Da nulidade por omissão de pronúncia

(Art. 379.º, n.º 1, al. c) do CPP)

O Supremo Tribunal de Justiça, no acórdão ora recorrido, não se pronunciou sobre a invocada inconstitucionalidade da interpretação normativa do artigo 400.º, n.º 1, alíneas e) e f) do CPP, designadamente quanto à impossibilidade de recorrer mesmo diante da aplicação de uma pena única privativa da liberdade de 11 anos.
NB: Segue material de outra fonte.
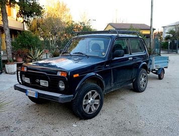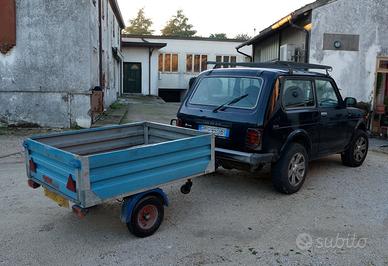 Lada Niva 1.7 4x4 con impianto GPL, bombola sostituita a Luglio 2023 (prossima sostituzione Luglio 2033). Lievi danni alla carrozzeria. Gomme posteriori nuove, anteriori con 10000 Km. Presente gancio traino omologato e carrello appendice ELLEBI.

Esta omissão ocorre apesar de o recorrente ter invocado expressamente a violação do princípio da proporcionalidade e do acesso efetivo à justiça, previstos nos artigos 18.º, 20.º e 13.º da Constituição da República Portuguesa, com remissão para jurisprudência nacional e do Tribunal Europeu dos Direitos Humanos.

Estando o tribunal ad quem vinculado à apreciação de todas as questões suscitadas no recurso (art. 374.º, n.º 2 do CPP), o silêncio sobre matéria expressamente impugnada configura nulidade processual, devendo ser reconhecida nos termos do artigo 379.º, n.º 1, al. c) do CPP.

Da nulidade por contradição na fundamentação

(Art. 410.º, n.º 2, al. b) do CPP)

O acórdão do Supremo Tribunal acolheu, de forma acrítica, a decisão do Tribunal da Relação, confirmando a pena única de 11 anos de prisão com base numa fundamentação aparentemente racional, mas intrinsecamente contraditória, porquanto:

a) Reconhece que não houve violência física, ameaça grave, nem prejuízos patrimoniais avultados;

b) E simultaneamente considera adequada a pena próxima do limite médio da moldura de concurso (11 anos), invocando abstratamente razões de prevenção geral e especial, sem examinar o concreto impacto da pena na situação social do arguido nem justificar por que razão os princípios constitucionais alegados foram afastados.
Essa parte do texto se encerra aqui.